With a powerful rush of its wings, Zekrom takes to the air and looms above him. Casting a menacing shadow over him, Zekrom convulses with a sudden surge of crackling bolts. The sound of lightning snapping in the air makes his skull rattle. Mott crumples to the floor, gritting his teeth in anguish.

Zekrom attacks with a lethal burst of electricity, shooting it straight for Mott. This strike is different from all the others so far. Mott can feel it thrumming in his bones without even touching it, and he knows—he won't make it back from this one. The lightning is blinding, so bright it burns into the darkest corners of the room. It burns, it surges with power and energy, and it's going to kill him.

He's a water-type, fighting a legendary, electric dragon. This was bound to happen sooner or later. This was his destiny.

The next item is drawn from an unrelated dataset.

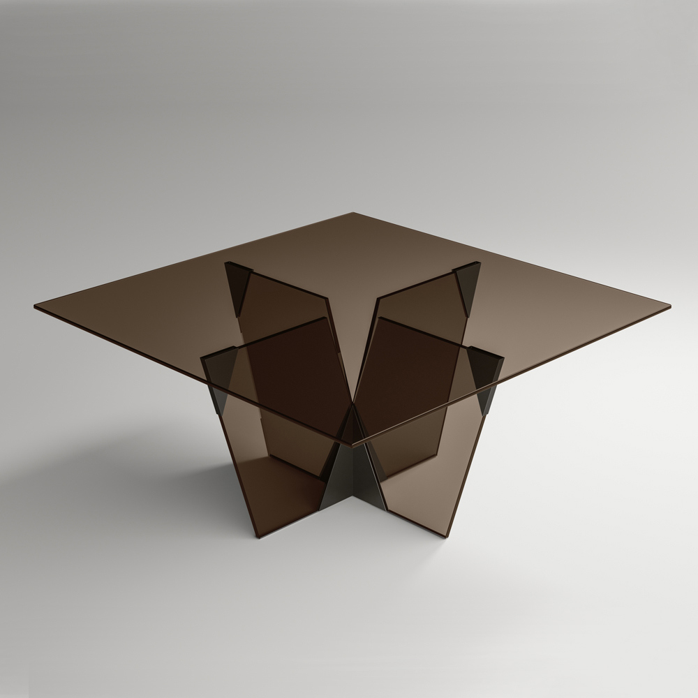 Modern kitchen table entirely made in Italy with square top and glass base enriched with metal details. A piece of furniture characterized by an elegant and sculptural structure that comes from the combination of materials of different nature together with the passion for glass processing, thus managing to define a representation of strength and character through different shapes and thicknesses. The strong point of its aesthetics is the architectural base characterized by a pyramidal joint made of metal which constitutes the essential part of the product. The metal elements complete the design of the table giving shape to the glass of the base and enriching it with personality and originality.

Don't pretend this could've ended any other way.

The lightning burns into his eyes as it draws closer. Death by electrocution: how will it feel?

You were born to fail.

Mott closes his eyes, and accepts the inevitable.

"Mott, no!"

His eyes open against better judgement, his heart stirs. "Lenny?" He utters.

The blast of electricity still hurtles toward him. But in a flash, the silhouette of a thin bug-type stands in the way.

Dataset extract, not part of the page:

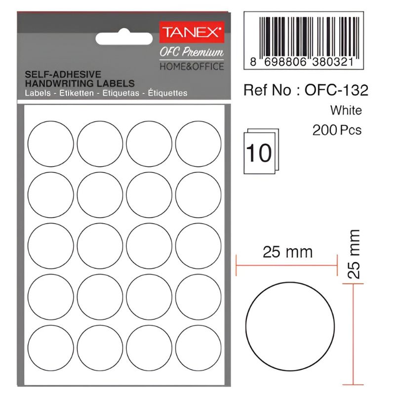 Tanex Zelfklevend Etiket 25mm – Wit #OFC-132W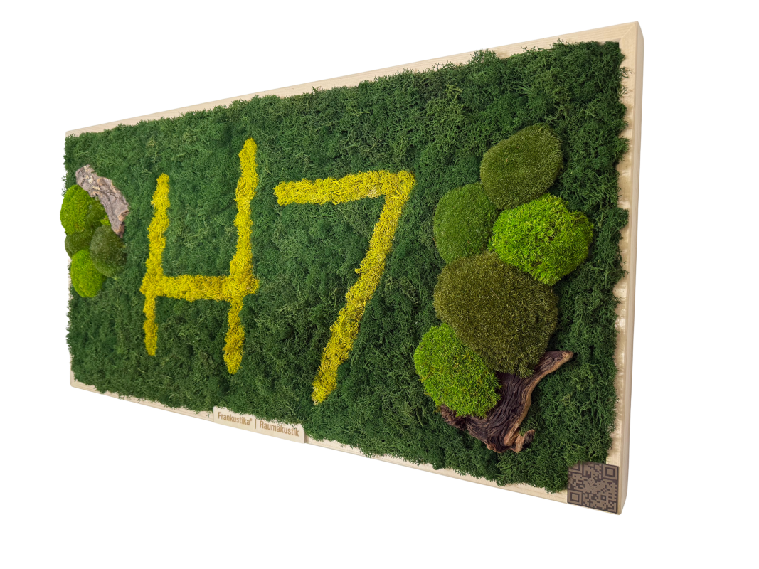 KILIAN – named after Saint Kilian, the patron saint of Würzburg, combines nature, tradition and acoustics in perfect harmony. With real moss, which is not only visually impressive but also effectively absorbs sound, KILIAN becomes a natural highlight in every room.

For a moment, time slows down. Mott remembers the first time he met Lenny. The first conversation they had. The dusty, cramped little room Lenny took care of him in. And he remembers something specific Lenny said to him, about Zekrom.

"One blast of lightning from that guy and I'd probably go up in flames!"

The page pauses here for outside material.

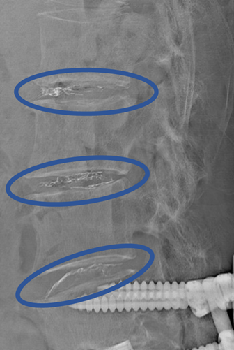 患者様と相談の元、 L1/2、2/3、3/4 にセルゲル法を施行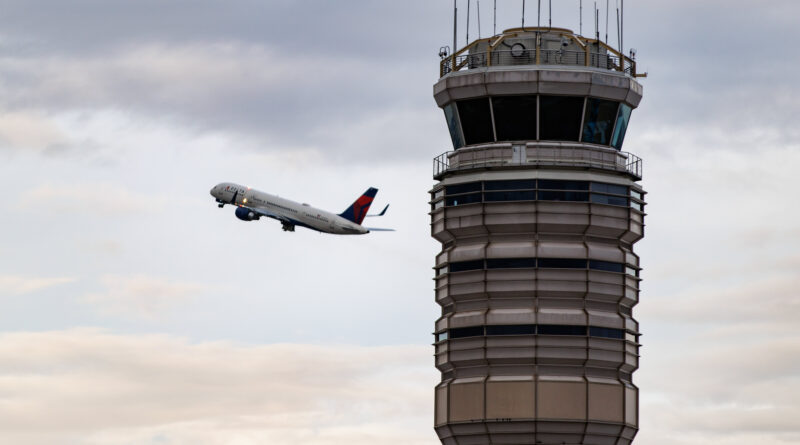 A Delta Airlines plane takes off near the air traffic control tower at Ronald Reagan Washington National Airport (DCA) in Arlington, Virginia, US, on Tuesday, Oct. 28, 2025.

His heart lurches in his chest.

"No, Lenny, don't—!"

The deafening sound of lightning striking its target explodes in his ears. But he doesn't hear it. All he hears is the crackling of a new fire, somehow louder than the rest.

Standing before him, engulfed with flames, holding himself like it's the only thing keeping his body from crumbling to ash, is Lenny.

Lenny screams.

Out of every horrible thing Mott has experienced this past month, this is the one that will haunt him forever.

His body already aches with the lack of water churning inside him, but he forces himself to lose even more. Dousing Lenny with whatever pathetic drops he can muster, he feverishly puts out the fire. Too late. Lenny is blackened with soot, singed and smoldering, his entire body limp and weak and terrifyingly unresponsive.

Mott races over, his legs failing him halfway. He hits the ground, the air is knocked out of his lungs, but he doesn't stop. Like a pitiful worm, he drags himself over to Lenny's charred figure. The stench of burning flesh nearly makes him gag.

Zekrom gazes down at the scene with glossy, impassive eyes. It must decide that they aren't worth his time anymore, because it turns away from them and begins tearing down the library, destroying books and diagrams and every hope of defeating it.

Mott doesn't care. Destroy it, destroy everything, destroy the world—he's already lost.

"Lenny," Mott sobs, clawing himself to his fallen teammate. Gingerly, like he might break into pieces, Mott scoops Lenny into his arms. "Lenny, Lenny, please wake up; Lenny please—"

Lenny doesn't stir. Mott's not even sure he's breathing. His body feels so thin, so small, so weak. How did Mott let this happen? How did he—how could he—?

Failure.

Mott drops his head onto Lenny's motionless chest, weeping as Zekrom tears apart the library.